Bogotá,  D.C., veintidós (22) de julio de dos mil veinte (2020).  

ASUNTO  

La  Corte resuelve la apelación interpuesta por el defensor de  Clara  María Zabala Torres  y la Procuradora 355 Judicial II, contra el auto del 13 de mayo de  2020, mediante el cual la Sala Penal del Tribunal Superior de  Barranquilla negó la sustitución de prisión  intramural por domiciliaria, deprecada para proteger su salud frente  a un posible contagio de Covid 19.  

ACTUACIÓN  PROCESAL RELEVANTE:  

1.  Por  sentencia del 30 de julio de 2018, la Sala Penal del Tribunal  Superior de Barranquilla, absolvió a Abelardo Tercero Andrade  Meriño y Clara  María Zabala Torres,  Jueces 22 Civil Municipal y 11 Civil del Circuito de la misma ciudad,  respectivamente, por los cargos de prevaricato por acción y  peculado por apropiación en favor de terceros.  

2.  Interpuesto  recurso de apelación por el Fiscal  Tercero Delegado ante el Tribunal Superior de Barranquilla, el  17 de julio de 2019, la Sala de Casación Penal de la Corte  Suprema de Justicia1,  revocó el fallo, para, en su lugar, condenar2  a Clara  María Zabala Torres,  como autora del delito de peculado por apropiación en favor de  terceros, en concurso heterogéneo con el punible de  prevaricato por acción, a las penas principales 160 meses de  prisión, multa de $3.521.121.000.oo, inhabilidad para el  ejercicio de derechos y funciones públicas por el mismo lapso  de la pena privativa de la libertad, y prohibición de ser  inscrita a cargo de elección popular, elegida, designada como  servidor público o celebrar personalmente o por interpuesta  persona contratos con el Estado. Al mismo tiempo se le negó la  suspensión condicional de la ejecución de la pena y la  prisión domiciliaria.  

3.   Por  proveído del 10 de junio del presente año, la Corte3  confirmó dicha condena, en ejercicio de mecanismo de la doble  conformidad judicial postulado por la defensa.  

4.  Clara  María Zabala Torres fue  capturada el 28 de octubre de 2019, momento desde el cual se  encuentra recluida en el Centro de Rehabilitación Femenino El  Buen Pastor de Barranquilla.  

5.  Mediante memorial del 24 de marzo de 2020, el defensor de Clara  María Zabala Torres solicitó  la concesión de la detención domiciliaria con  fundamento en las enfermedades que ésta padece y que  constituyen un alto riesgo sobre su vida en caso de contagio del  virus Covid 19.  

5.  La Sala Penal del Tribunal Superior de Barranquilla avocó el  conocimiento de la petición y requirió al director de  la Cárcel el Buen Pastor de Barranquilla para que rindiera un  informe del estado médico de la privada de la libertad, por  conducto del médico de dicha institución, así  como a la Procuradora Judicial Delegada a efectos de que emitiera  concepto respecto a la procedencia de la solicitud en cuestión.  

6.  El 13 de mayo de 2020, el Tribunal Superior negó la solicitud  de sustitución de prisión domiciliaria.

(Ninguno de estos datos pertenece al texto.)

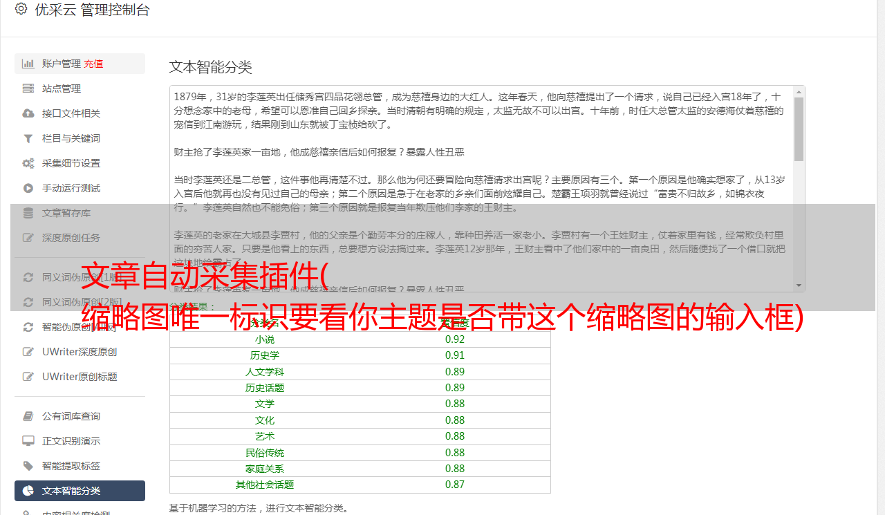 文章自动采集插件( 缩略图唯一标识要看你主题是否带这个缩略图的输入框)

Decisión  contra la cual, el defensor y la agente del Ministerio Público  interpusieron y sustentaron oportunamente el recurso de apelación.  

DECISIÓN  IMPUGNADA  

El  a  quo  consideró que no se encontraban satisfechos los requisitos  necesarios para conceder la prisión domiciliaria en atención  al marco señalado en el Decreto 546 de 2020, emitido en virtud  de la situación excepcional generada por la declaratoria de  emergencia social y económica causada por la pandemia del  Covid 19.  

Específicamente,  expuso que el artículo 6º de la referida norma, exceptúa,  entre otros, los delitos de peculado por apropiación y  prevaricato por acción por los cuales la peticionaria se  encuentra privada de la libertad por sentencia condenatoria.  

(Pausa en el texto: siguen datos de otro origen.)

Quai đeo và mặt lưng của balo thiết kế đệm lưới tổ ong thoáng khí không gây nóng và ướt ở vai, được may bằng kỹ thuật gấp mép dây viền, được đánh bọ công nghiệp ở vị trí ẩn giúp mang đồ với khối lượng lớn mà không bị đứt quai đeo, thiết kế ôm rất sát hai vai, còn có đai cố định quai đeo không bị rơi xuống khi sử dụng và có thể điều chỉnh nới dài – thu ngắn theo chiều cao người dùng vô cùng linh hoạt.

Además,  citó el dictamen médico forense  UBBAQ-DSATL-15142-C-2019 del 5 de diciembre de 2019, emitido por el  Instituto de Medicina Legal y Ciencias Forenses para descartar una  enfermedad grave incompatible con la privación de la libertad  intramural y, acotó que, si bien padece de afecciones que la  pueden hacer más vulnerable al Covid 19, lo procedente era  ordenar al INPEC que la ubicara “en  un lugar especial que minimice el eventual riesgo de contagio”.  

Finalmente  señaló que, si lo pretendido era la aplicación  de los beneficios establecidos en el artículo 38B del Código  Penal o 461 de la Ley 906 de 2004, tampoco resulta viable su  solicitud, pues tal y como se expuso en la sentencia del 17 de julio  de 2019, la condena versa sobre delitos que se encuentran excluidos  de sustitución de la ejecución de la pena por prisión  domiciliaria.  

Con  fundamento en lo anterior, negó la solicitud deprecada.  

ARGUMENTOS  DE LA IMPUGNACIÓN  

1.  El defensor reiteró los argumentos de su petición y  llamó la atención en que Clara  María Zabala Torres  es una persona mayor de 72 años con un estado de salud  delicado.  

Además,  reprobó la aplicación del Decreto 546 de 2020, pues, a  su juicio, lo correcto era analizar la procedencia de la sustitución  de acuerdo con el marco normativo que regula la prisión  domiciliaria.  

En  consecuencia, peticionó se revoque la decisión de  primera instancia para que, en su lugar, se conceda el referido  beneficio carcelario.  

2.  La Representante del Ministerio Público soportó su  inconformidad con los mismos argumentos que expresó en el  trámite del asunto, esto es, la procedencia de la solicitud  por la vía de lo normado en el artículo 68 del Código  Penal “reclusión  domiciliaria u hospitalaria por enfermedad muy grave”.  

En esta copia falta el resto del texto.